Newly renamed Somerton Dwelling focuses on consumers
Thomas Russell -- Furniture Today, June 20, 2013
CORONA, Calif. — Case goods manufacturer Somerton Home Furnishings has changed its name to Somerton Dwelling, a shift meant to highlight its efforts to develop a line that better reflects consumers' style preferences and lifestyles.
"Our mission is creating and selling innovative furniture for today's consumers who have a modern sensibility, complemented by original design, superior quality, sustainability, customer service and affordability," company President Rita Ho-Bezzola said in a statement. "Our message to the consumer is ‘live the life you love,' and we want to support that concept with every action we take."

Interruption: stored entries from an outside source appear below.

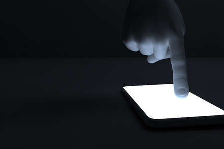 3D illustration or 3D rendering - view of hand man finger tapping smart-phone with white light in dark space or room - technology concept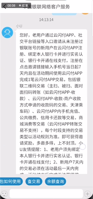 云闪付2019有邀请新用户好友、转账、还款、签到、消费领红包等活动;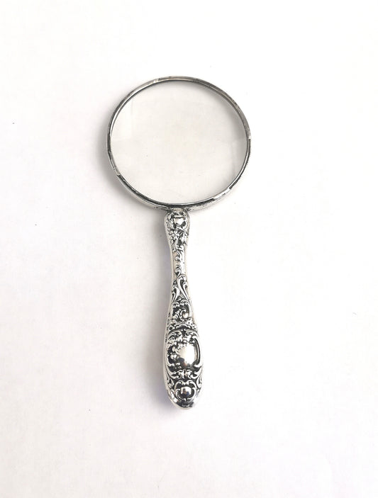 Antique Victorian Sterling silver magnifying glass, repousse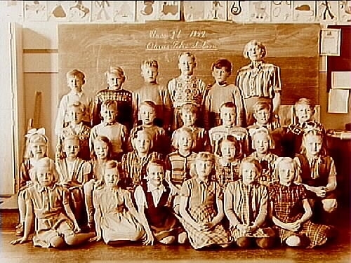 Olaus Petriskolan, klassrumsinteriör, 26 skolbarn med lärarinna fröken Edla Andersson, klass 2B, sal 17.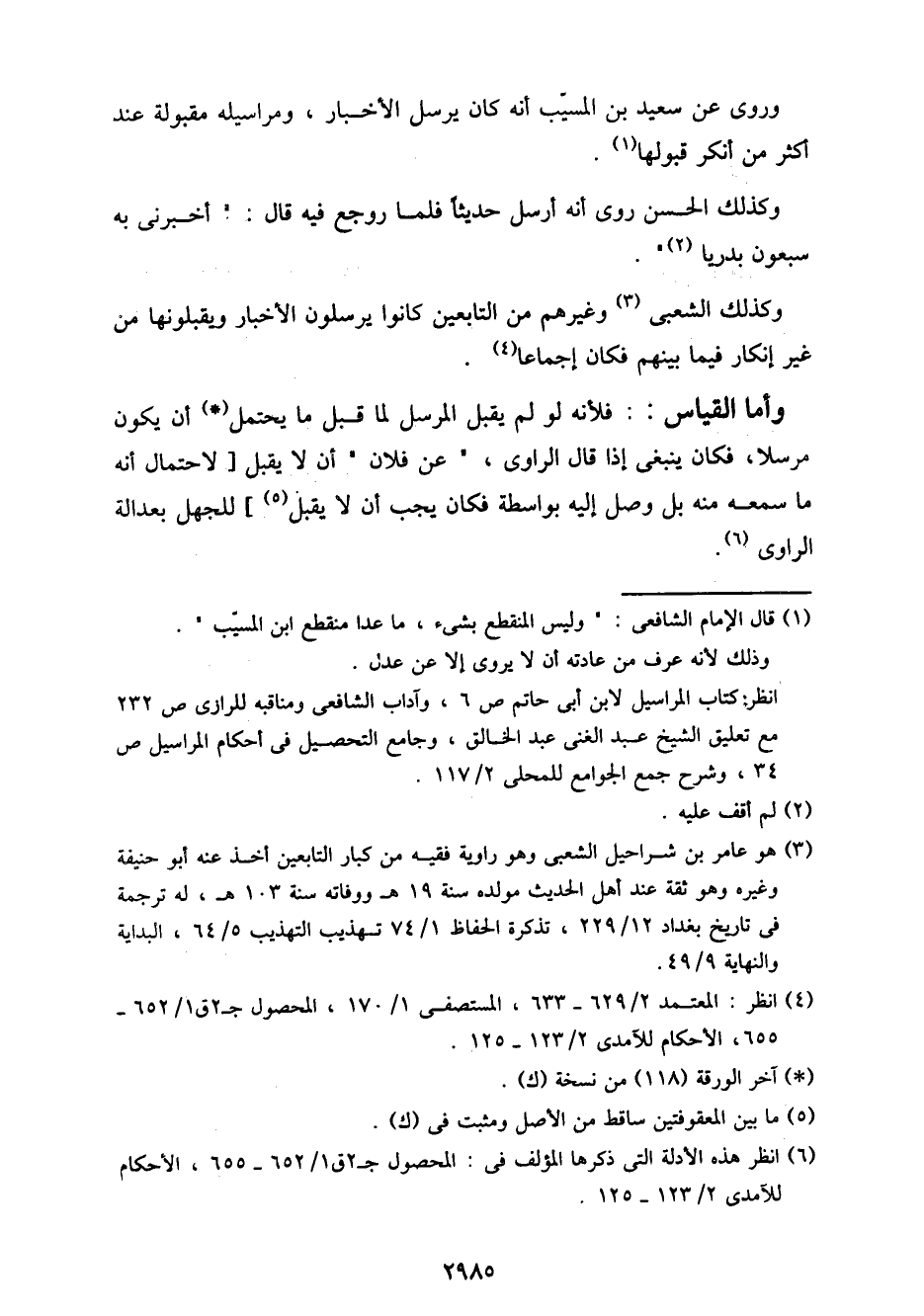 وأما القياس: فلأنه لو لم يقبل المرسل لما قبل ما يحتمل أن يكون مرسلا، فكان ينبغي إذا قال الراوي، "عن فلان" أن لا يقبل [لاحتمال أنه ما سمعه منه بل وصل إليه بواسطة فكان يجب أن لا يقبل] للجهل بعدالة الراوي.

The company is rolling out the name change along with a new corporate logo and merchandising strategy in time for the July 29-Aug. 2 Las Vegas Market. There, in about 7,000 square feet in World Market Center A-914 and A-916, it will showcase several new occasional and dining groups.

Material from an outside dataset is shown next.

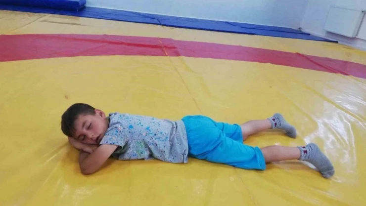 Ağrı Gençlik ve Spor İl Müdürlüğü tarafından GSB Spor Okulları kapsamında açılan güreş kursuna katılan 8 yaşındaki Salih Taşkıran, antrenmana verilen mola sırasında minderde tatlı bir uykuya daldı. Minik sporcunun dinlenmesi için antrenörler, antrenmana ara verdi.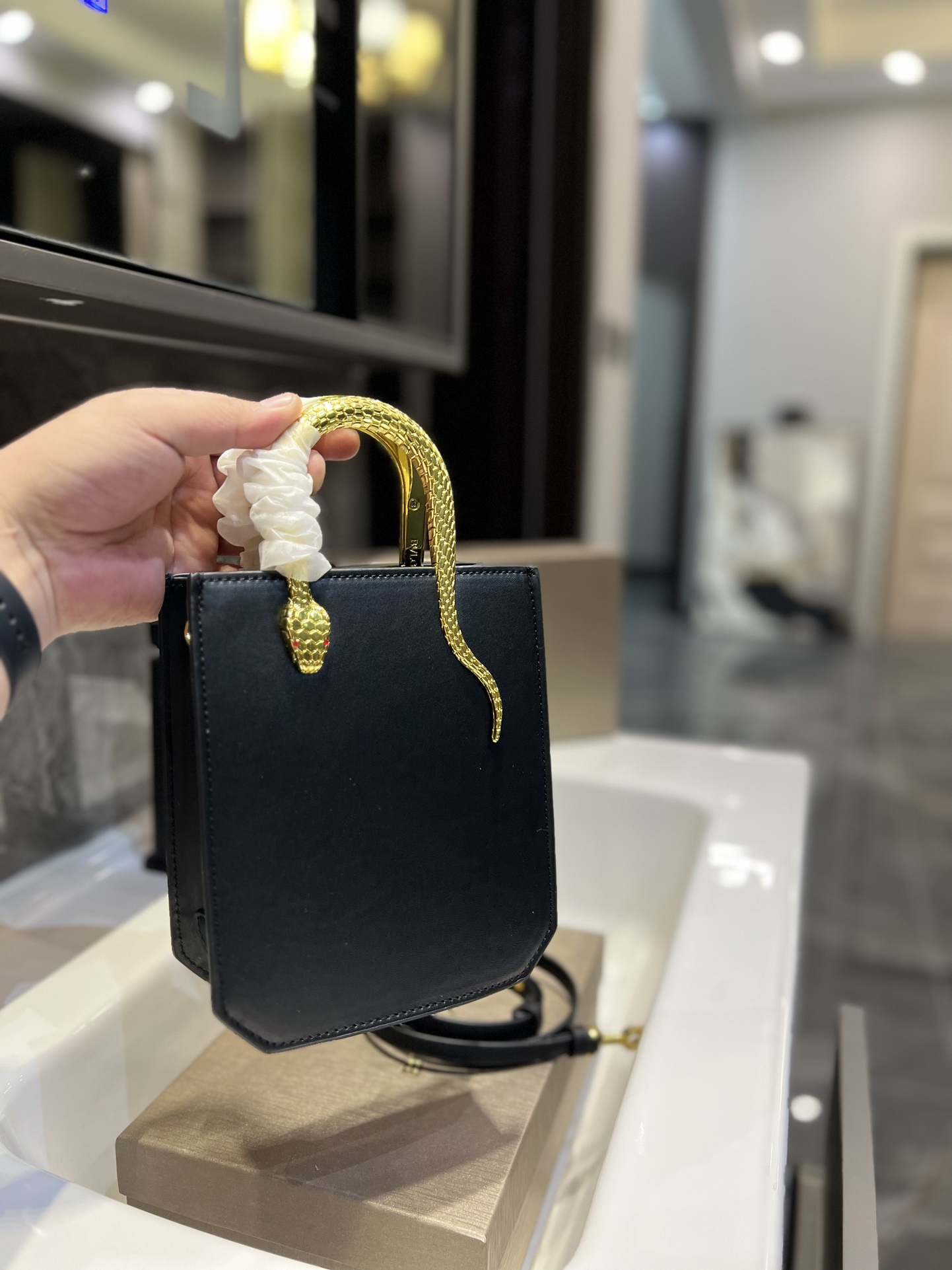 The SERPENTINE series mini tote bag is made of soft and wear-resistant black city calfskin, and combines the crisp vertical shape with the details of jewelry elements.

The company has not yet revealed specifics about its introductions for the summer market. However, the company said its new items will be "styled and priced to compete head to head with the popular household retailer chains." A typical table and four chair set, for example, would retail around $1,299.
It also is offering English dovetailing, self-closing, full-extension drawer glides and water-based finishes throughout the wood line.
Somerton is the U.S. sales and marketing arm of Kingstone Furniture, a case goods manufacturer in Dongguan City in southern China. Somerton's corporate offices and distribution center are in Corona, Calif., and it also has an East Coast warehouse in Stoneville, N.C., about a 40 minutes north of High Point.
Ho-Bezzola said she believes these and other initiatives will help grow the company's market share in the next five years.
"They tell me I have sawdust in my blood," she said. "However, I believe to be a force in the home furnishings industry, manufacturers need to start thinking like a consumer and produce products that we would welcome in our own homes."